By Michael J. Sniffen
Associated Press Writer
Friday, Nov. 3, 2000; 5:56 p.m. EST

WASHINGTON –– A 20-year veteran FBI agent went to court Friday seeking the right to report to President Clinton and key members of Congress what he considers serious and criminal misconduct by federal workers during a top secret, undercover national security operation.

FBI Director Louis Freeh and Deputy Attorney General Eric Holder have denied agent Joseph G. Rogoskey permission to relay his allegations to Clinton, Secretary of State Madeleine Albright and House and Senate committees that oversee the FBI.

In a lawsuit against the FBI and Justice Department, Rogoskey said that as an undercover agent he "witnessed acts of serious misconduct and violation of federal law by employees of the federal government during the course of their employment."

FBI spokesman Bill Carter said, "We understand all the allegations of government misconduct have long been appropriately addressed."

Now on paid administrative leave, Rogoskey spent 12 years, 1987 through 1998, on top-secret, undercover operations involving some of the government's deepest secrets that are accessible only to specified people.

Rogoskey is barred from telling his lawyer, Stephen Kohn, any details of the operation or the alleged misconduct.

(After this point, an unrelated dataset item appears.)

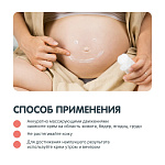 Крем снижает риск образования растяжек (стрий), помогает уменьшить интенсивность уже появившихся. Способствует восстановлению рогового слоя и улучшению его качества. Повышает тонус кожи, стимулирует естественное увлажнение. Подходит для всех проблемных зон: грудь, живот, бедра, руки. Можно применять с первого дня беременности.

Kohn said he understands only that "it doesn't involve anyone stealing money. It involves what they were ordered and permitted by the government to do in this operation."

Like the FBI, Holder advised Rogoskey by letter that he should report "whistle-blower-type allegations" to internal FBI investigators or Justice inspector general agents who "have the appropriate security clearances."

But Kohn said, "Keeping whistle-blower allegations within the institution that authorized the misconduct does not serve the public interest and raises grave constitutional questions."

Rogoskey first reported his allegations to his immediate supervisor in late 1997, "promptly upon observing them," Kohn said. "We don't know if the FBI has fixed the problem," Kohn said, because Rogoskey has been on leave since the summer of 1998.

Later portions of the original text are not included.